CROSS APPLY retourneert alleen rijen uit de buitenste tabel die een resultatenset produceren op basis van de tabelwaardefunctie. Het resultaat van een CROSS APPLY kan niet worden gebruikt als de doelwaarde van timestamp by. U kunt echter één Azure Stream Analytics-taak gebruiken waarmee cross apply wordt uitgevoerd en een tweede taak gebruiken om timestamp by uit te voeren.
OUTER APPLY retourneert zowel rijen die een resultatenset produceren als rijen die dat niet doen, met NULL-waarden in de kolommen die worden geproduceerd door de tabelwaardefunctie.
Er zijn twee tabelwaardefuncties beschikbaar in Azure Stream Analytics om het werken met de velden Matrix en Recordtype te vergemakkelijken. Dit zijn GetArrayElements en GetRecordProperties.
Syntaxis
<input> {CROSS | OUTER} APPLY <elements_selector>
<input> ::= input_name | input_alias
<elements_selector> ::=
{GetArrayElements | GetRecordProperties} (<column_name>) AS element_name
Argumenten
input_name | input_alias
De naam of alias van de invoerstroom.
column_name
De naam van een kolom van de invoerstroom.
element_name
De naam van de nieuwe kolom met het resultaat van de tabelwaardefunctie.
Retourtypen
De uitvoer is een record met de initiële nettolading en een record 'element_name', die het resultaat van de tabelwaardefunctie bevat.
Voor de functie GetArrayElements is het resultaat een record met twee velden:
ArrayIndex: de index van het element in de matrix
ArrayValue: de waarde van het element in de matrix.
Voor de functie GetRecordProperties is het resultaat een record met twee velden:
PropertyName: de naam van de eigenschap in de record.
PropertyValue: de waarde van de eigenschap in de record.
Voorbeelden
In dit voorbeeld, waarbij het tolpoortscenario wordt uitgebreid, gaan we ervan uit dat auto's meer dan één kenteken kunnen hebben (bijvoorbeeld een auto die een aanhangwagen sleept, zou er twee hebben). Cross/outer apply kan worden gebruikt om deze matrix af te vlakken, dat wil zeggen één rij per nummerplaat krijgen.

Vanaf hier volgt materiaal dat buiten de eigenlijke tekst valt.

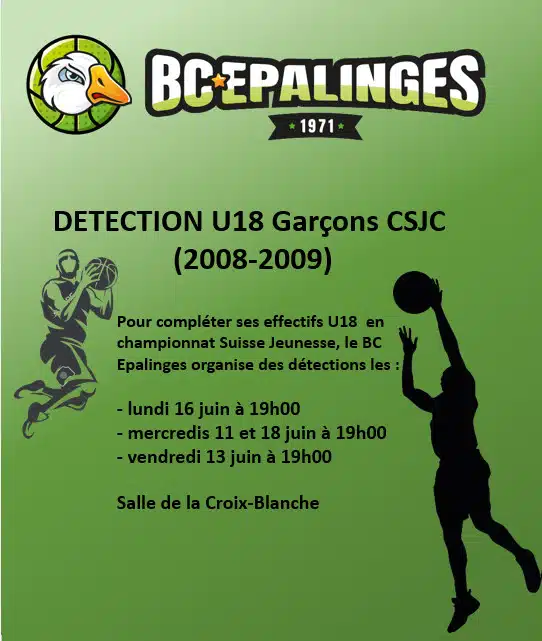 Des détections U18 garçons CSJC sont organisées par le Basket Club Epalinges :
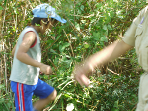| ビーバー隊は、秘密基地作り 先ずは地ならし、 草むらを開拓します。 |

CREATE TABLE input(TollId nvarchar(max), EntryTime datetime, Licenses array)
SELECT e.TollId, e.EntryTime, flat.ArrayValue AS licensePlate
FROM input AS e
CROSS APPLY GetArrayElements(e.Licenses) AS flat
De query kan worden aangepast om outer apply te gebruiken om ook auto's zonder kenteken bij te houden.
SELECT e.TollId, e.EntryTime,
flat.ArrayValue AS licensePlate, flat.ArrayIndex AS licensePlateIndex
FROM input AS e
OUTER APPLY GetArrayElements(e.Licenses) AS flat
Een ander voorbeeld met geneste matrices (matrix van matrices).
WITH firstQuery AS (
SELECT input.TollId, input.EntryTime,
flat.ArrayIndex AS i1, flat.ArrayValue AS licenses
FROM input
CROSS APPLY GetArrayElements(input.ArrayOfArray) AS flat)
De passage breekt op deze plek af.